El día ha sido, una vez más, agotador. No tanto por el esfuerzo físico sino como el anímico. Las imágenes son duras, como es desagradable ver tanta pobreza a tu alrededor, tanta gente que apenas puede comer si no fuera por la ayuda del solidario. Cae la noche y echo de menos leer la prensa. Todos los días, alrededor de las ocho de la tarde, me dedico a esa tarea. Es imposible que pueda dormir sin leerla. Mi cuerpo, muy dado al sofá, me echa en cara lo descuidado que lo tengo. Los placeres quedaron en España. También quedaron atrás temas que vistos desde la lejanía, resultan casi irrisorios: la crisis, ¿qué crisis? ¿La española? Su país –que no el mío– no está en crisis si se compara con Larache. Bueno, hay paro. Pero nosotros, por ejemplo, tenemos la ayuda de nuestros padres, hermanos, tíos… Siempre hay alguien que echa una mano para poder pagar la hipoteca, los estudios del niño, etc. En Larache rige la ley de la jungla de la tortuga: «apáñatelas como puedas», vendría a ser su lema.
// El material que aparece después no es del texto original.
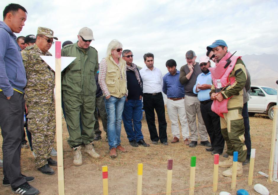 Swiss Foundation for Mine Action team leader (r) briefing the participants on battle area clearance procedures, Chorcharogh, Gharm, 27 September 2017.

Soy poco trasnochador. Eso, sumado al cambio de horario, va a desencadenar en mi cuerpo un colapso general. Él es así de vacilón. Quiere pasar factura. Si lo conseguirá o no, lo desconozco. Pero tengo mal aspecto. Lo veo en las fotografías y en el espejo. Ni sombra del Agustín filósofo. Incluso Giuseppe me comenta en varias ocasiones que se me ve mala cara. Algunos me preguntan si me ocurre algo. ¿Algo? ¡Me ocurre de todo! Me encuentro rodeado de miseria en plenas vacaciones de pascuas. La alternativa que había era disfrutar de unos días de asueto en Cullera. El cuerpo pedía esto, vida buena. El alma, más bien lo contrario: nada mejor que conocer de cerca otras vidas y ayudar en la medida de lo posible a los más necesitados. Pero las dicotomías son malas consejeras. Me siento como un filósofo en medio del ruedo. Ha salido el toro y no tengo espada ni estoque. La vida me va a dar una estocada. Y cada vez estoy más convencido de que no habrá vida después de Larache. Se lo comunico a una de mis mejores amigas y a mi familia. Cada día, después de comer, me voy solo a llamar por teléfono. Necesito encontrarme con los míos y conmigo mismo. Pero es difícil explorar el alma. Lo era en España, rodeado de placeres, y lo es en Larache, rodeado de miserias.

La vida es dura. Más todavía en Larache. España, el país de la picaresca, ya casi parece un paraíso. Me voy a dormir. Si mañana despertaré, sólo Dios sabrá. Buenas noches.